▸ **REQUIRED ACTION**
Begin at the line that has "目前,地力夏提還成立了養(y", stop after the line that has "This Idaho Ornament", and print exactly those lines from the records below, without any pictures.
(RECORDS TO PROCESS)
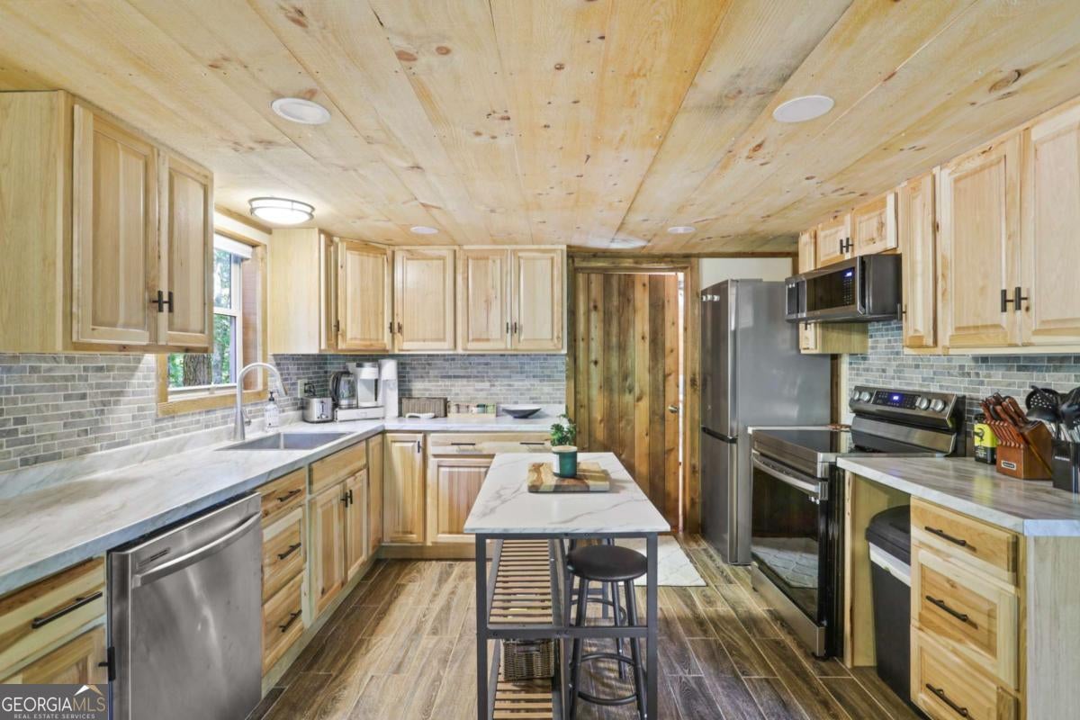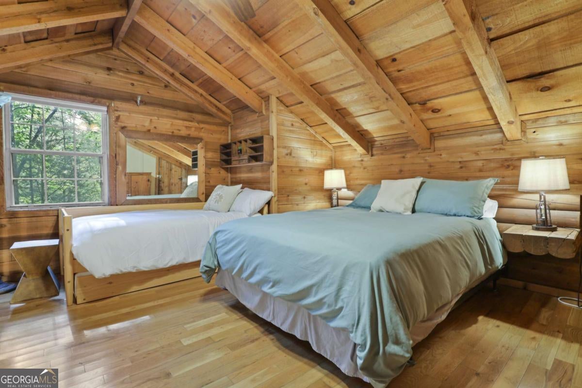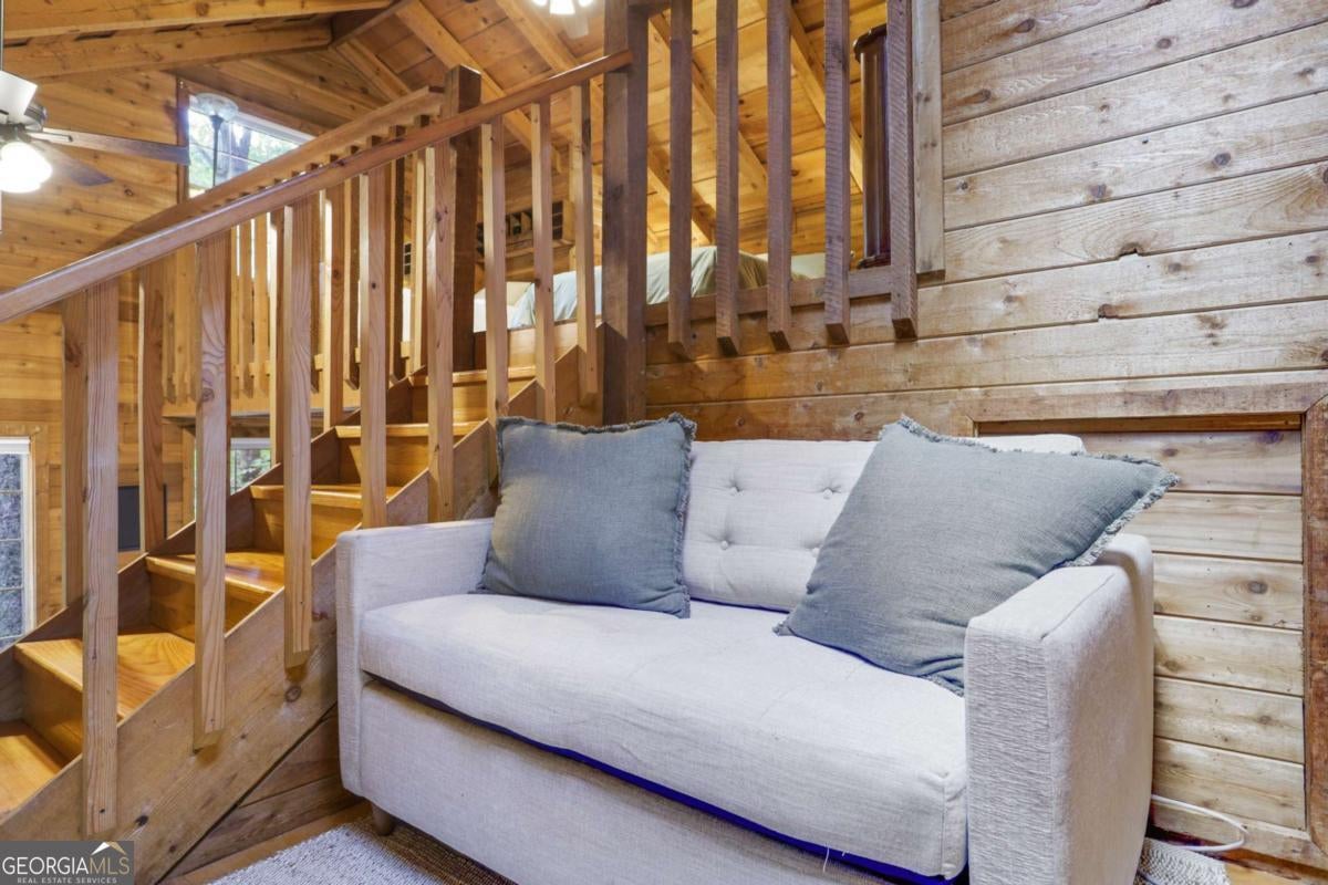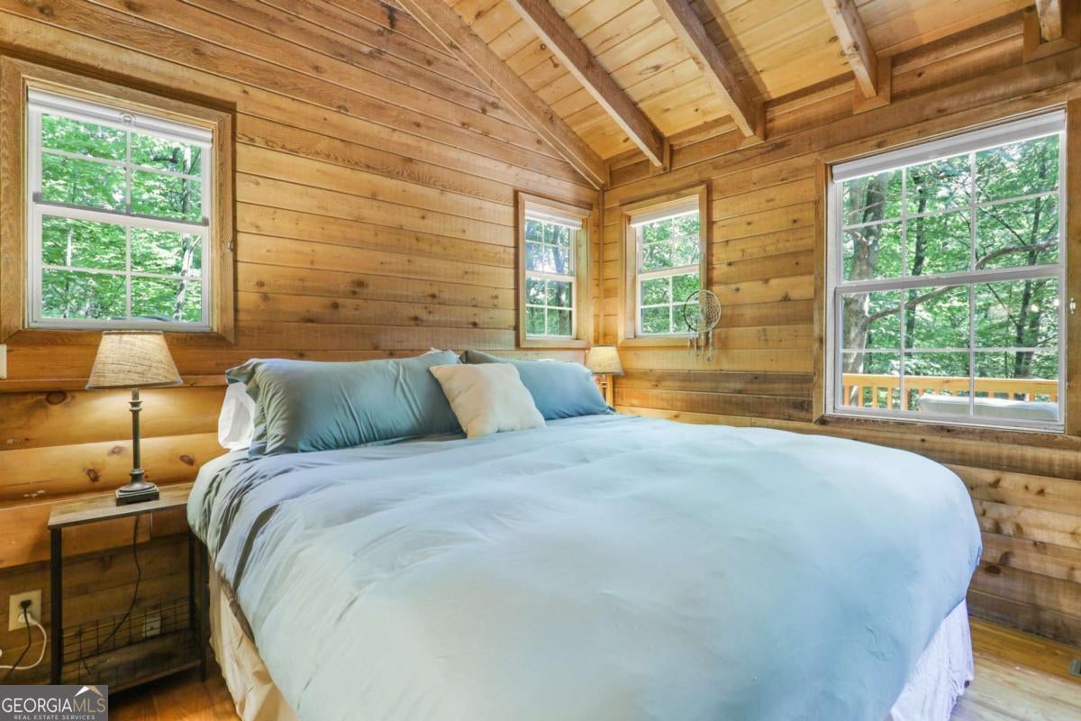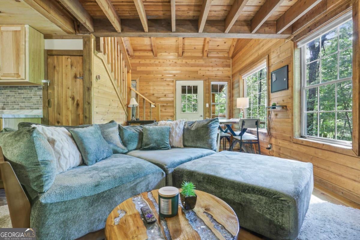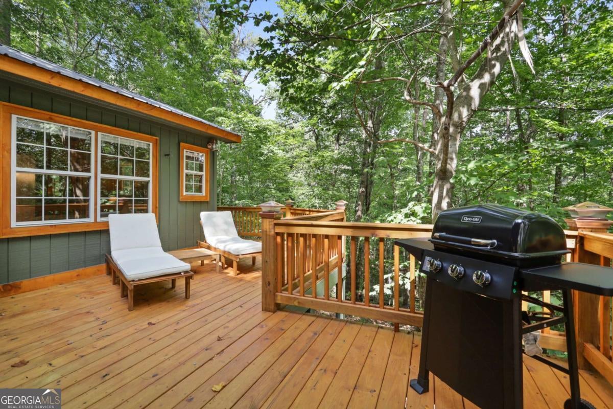 Escape to serenity with this enchanting retreat now available for lease! Nestled in the tranquil woods just minutes from downtown Blue Ridge, this fully furnished haven perfectly blends natural beauty with modern amenities. Step into a cozy yet spacious home featuring 2 inviting bedrooms, 2 full bathrooms, an office study with a picture-window view, and open layout designed for relaxation and inspiration. The expansive deck surrounded by trees is your front-row seat to breathtaking forest views-perfect for morning coffee, al fresco dinners, or simply soaking in the peaceful surroundings. Unwind after a long day in the bubbling hot tub, sip a glass of wine by the propane fire-pit, cook out on the BBQ or enjoy the thoughtfully curated interior with plush beds and smart TVs and high-speed wi-fi. The kitchen has been completely remodeled with all new appliances and is fully stocked for those who like to cook. Cabin also has a brand new water heater, HVAC, nest remote thermostat and refurbished hot tub! The neighborhood has walking paths and a picturesque pond down the road. Whether you're looking for a creative escape, extended family vacation or a quiet place to call home, this retreat is move-in ready and waiting for you. Don't miss this rare opportunity-schedule your tour today and start living the dream!
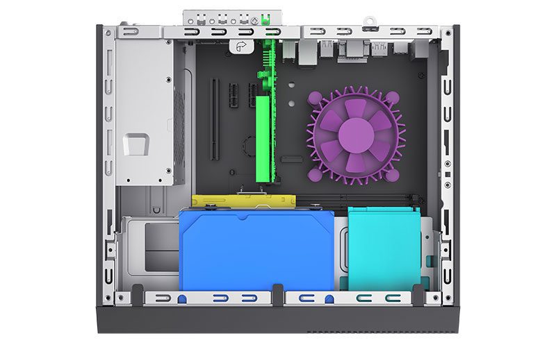 Le Textorm TB2 est un boîtier compact Mini Tour qualitatif. Idéal pour l’intégration, il est doté d’une alimentation 250W 80PLUS Gold, de 4 slots PCI Low Profile, d’emplacements disque (2.5″ et 2.5/3.5″), d’une baie pour lecteur optique slim et de connecteurs en façade (dont 1 ports USB 3.0 et 1 port USB-C). Avec un volume de seulement 8.3 litres, il propose un encombrement minimal et de nombreuses possibilités d’installation (Desktop, Tour, sur ou sous un bureau…etc.). Sa conception de qualité et son format compact le rendent particulièrement adapté au monde de l’entreprise. Sa simplicité et son design sobre et compact raviront également familles et étudiants à la recherche d’un produit facile à intégrer dans un salon ou une chambre.
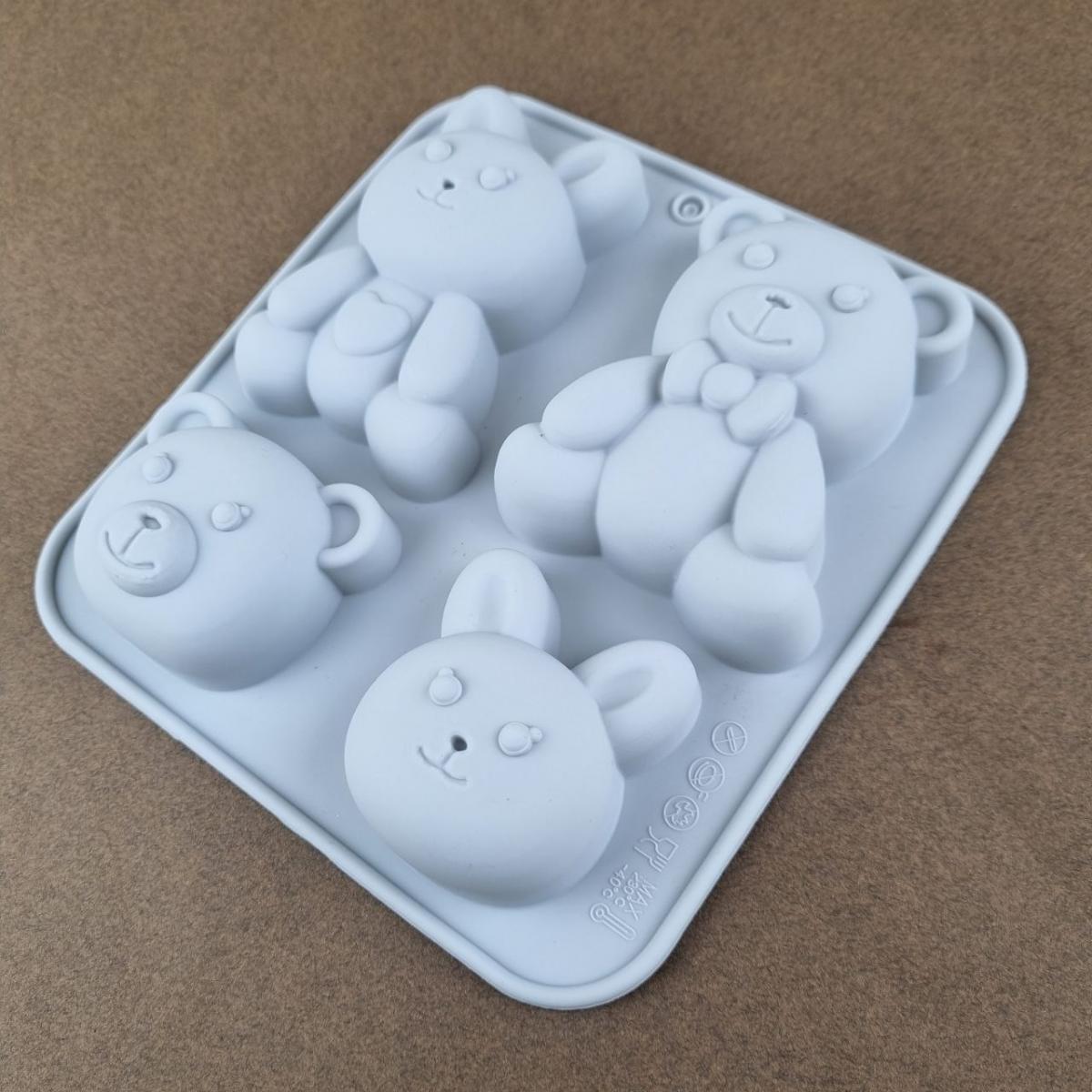 Силиконовая форма для выпечки и десертов Заяц и медведь 4 ячейки
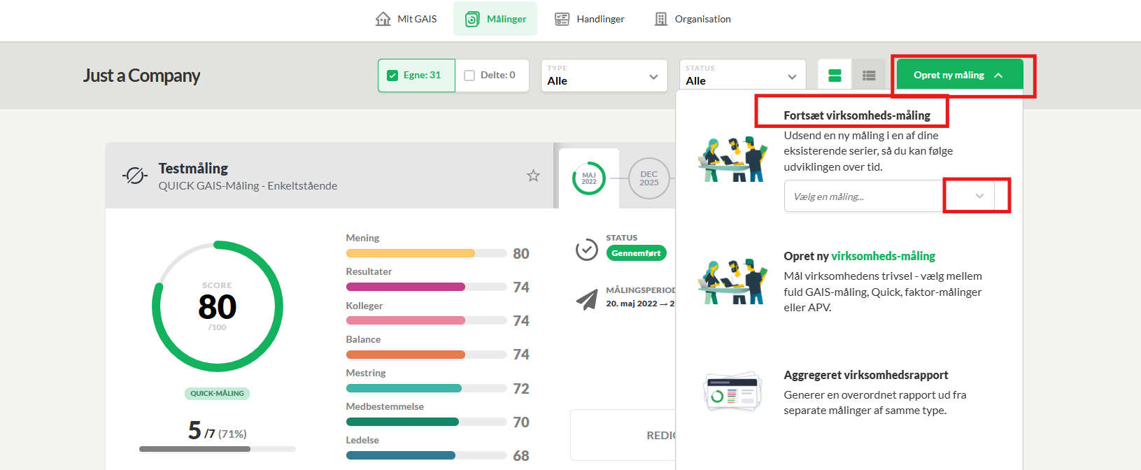 Endeligt kan du også redigere i målingens indstillinger, inden den udsendes, hvis du ønsker andre settings end dem, du valgte ved seneste måling.
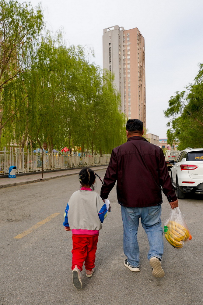 目前,地力夏提還成立了養(yǎng)殖合作社,養(yǎng)殖本地特產(chǎn)羅布羊,收益可觀。每天下午,地力夏提都會早早從棉田里走出,準(zhǔn)時去學(xué)校接女兒放學(xué)?!澳闱疲F(xiàn)在種棉花就跟上班一樣,定時定點(diǎn),當(dāng)初選擇當(dāng)棉農(nóng)一點(diǎn)也不錯。”地力夏提拉著女兒的小手,走進(jìn)尉犁縣城一處高樓林立的現(xiàn)代化小區(qū)里。
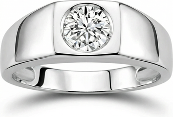 High quality men's ring features a large one carat round brilliant cut genuine lab grown diamond. The diamond is bezel set in solid white gold high polished durable mounting.
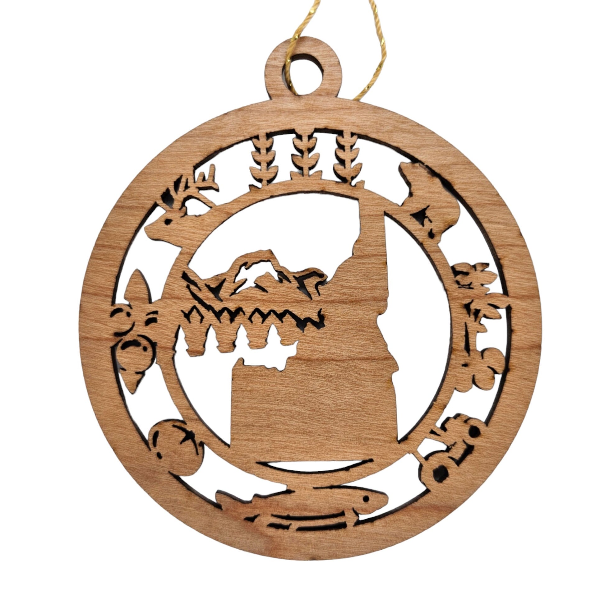 This Idaho Ornament is handmade from wood. The cutout and engraved design depicts the state shape of ID, and a variety of things Idaho s known for such as a Star Garnet, Berries, Elk, Sandpoint, Lava Hot Springs, Sun Valley, and more. Each wood Ornament will vary slightly in color, grain, knots, etc. Pictures are just a general representation of what you will receive.
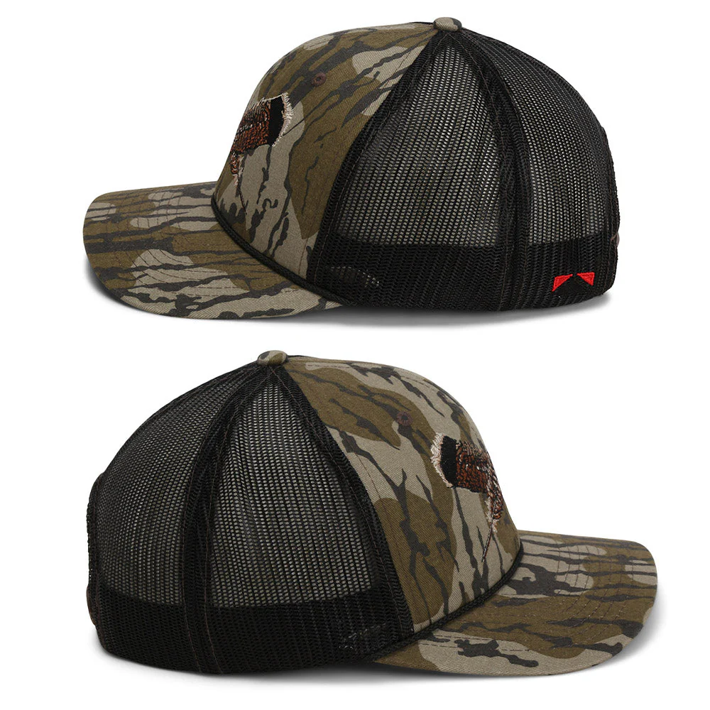 Our Turkey Feather 6-panel Mossy Oak Bottomland camo cap features a cotton twill Mossy Oak Bottomland front. Coupled with a mesh back, front rope, and a slightly curved visor. Additionally, this turkey hunting cap features our COMFORT SNAP™ elastic closure which couples the stretch fit of a custom cap with the adjustability of a snapback. Lastly, the Mossy Oak Turkey Feather cap features American Fit™ sizing which fits men's head sizes MD - XX.
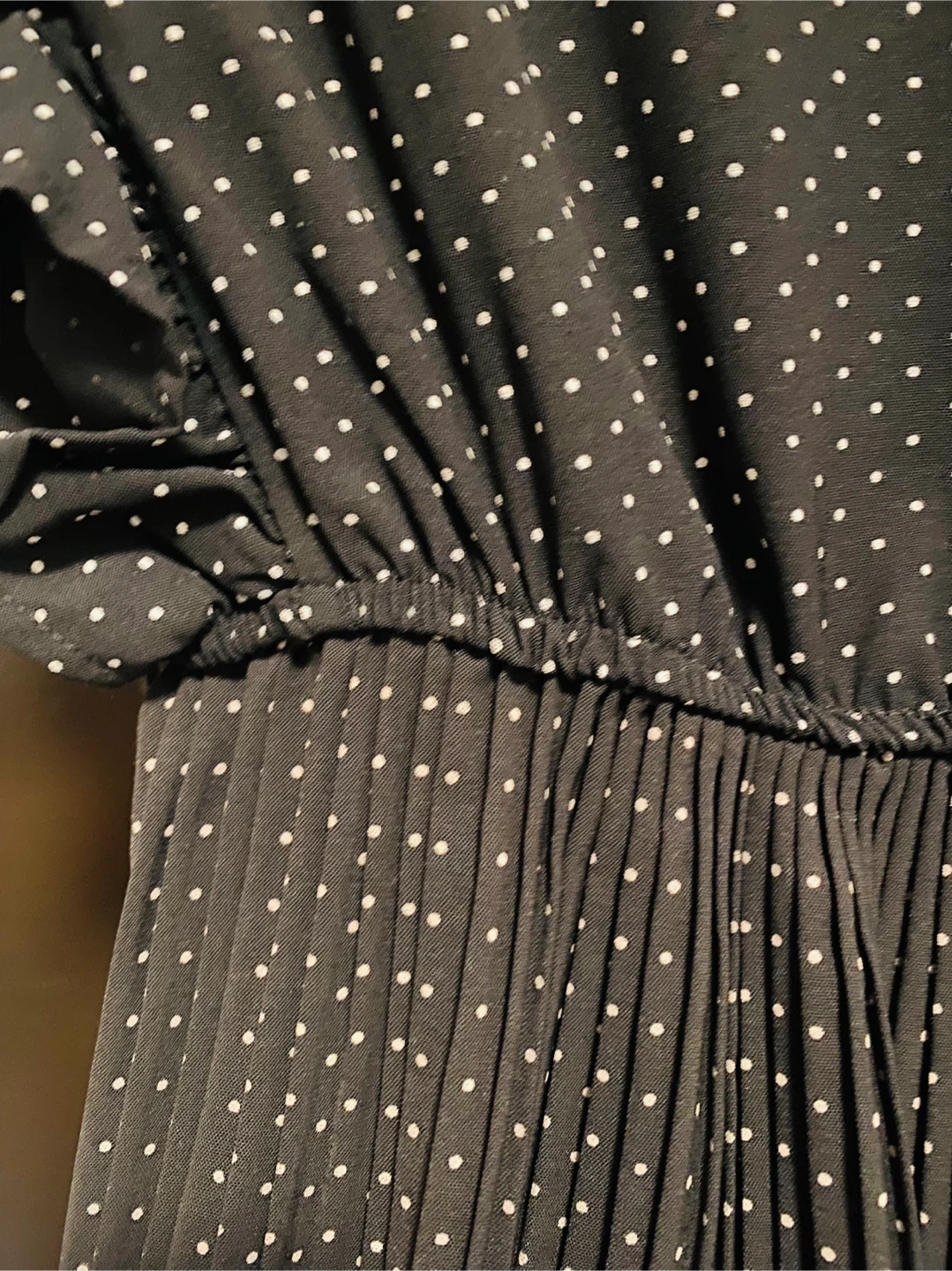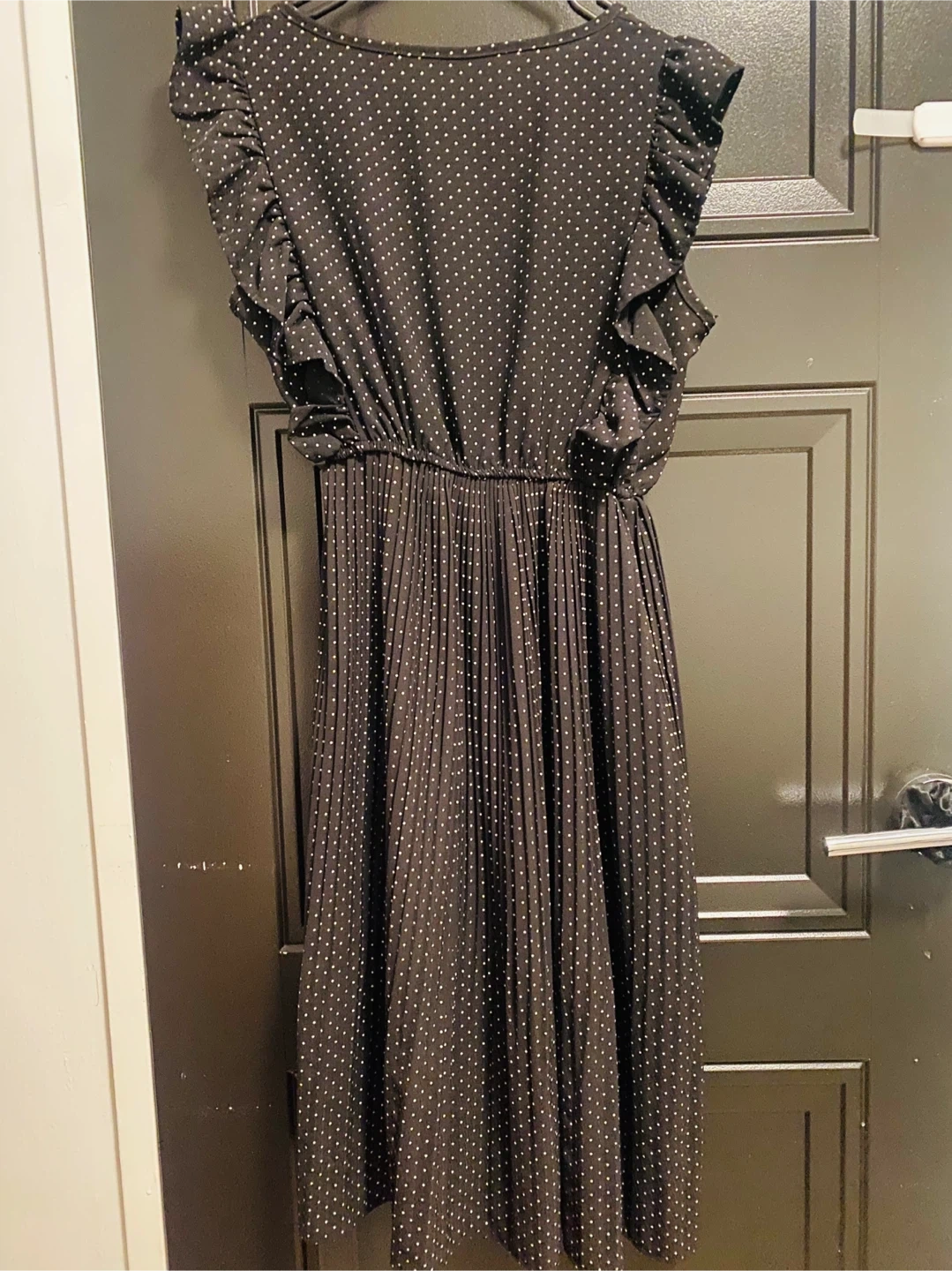 This darling polka dot dress features a flattering cinched waist and a charming tie detail at the neckline. The pleated skirt adds a touch of elegance, and the ruffled sleeves bring a playful, feminine flair. Perfect for any occasion, this gently worn dress is ready for a new home.
(End RECORDS TO PROCESS)
▸ **EXERCISE RESPONSE**
 目前,地力夏提還成立了養(yǎng)殖合作社,養(yǎng)殖本地特產(chǎn)羅布羊,收益可觀。每天下午,地力夏提都會早早從棉田里走出,準(zhǔn)時去學(xué)校接女兒放學(xué)?!澳闱疲F(xiàn)在種棉花就跟上班一樣,定時定點(diǎn),當(dāng)初選擇當(dāng)棉農(nóng)一點(diǎn)也不錯。”地力夏提拉著女兒的小手,走進(jìn)尉犁縣城一處高樓林立的現(xiàn)代化小區(qū)里。
 High quality men's ring features a large one carat round brilliant cut genuine lab grown diamond. The diamond is bezel set in solid white gold high polished durable mounting.
 This Idaho Ornament is handmade from wood. The cutout and engraved design depicts the state shape of ID, and a variety of things Idaho s known for such as a Star Garnet, Berries, Elk, Sandpoint, Lava Hot Springs, Sun Valley, and more. Each wood Ornament will vary slightly in color, grain, knots, etc. Pictures are just a general representation of what you will receive.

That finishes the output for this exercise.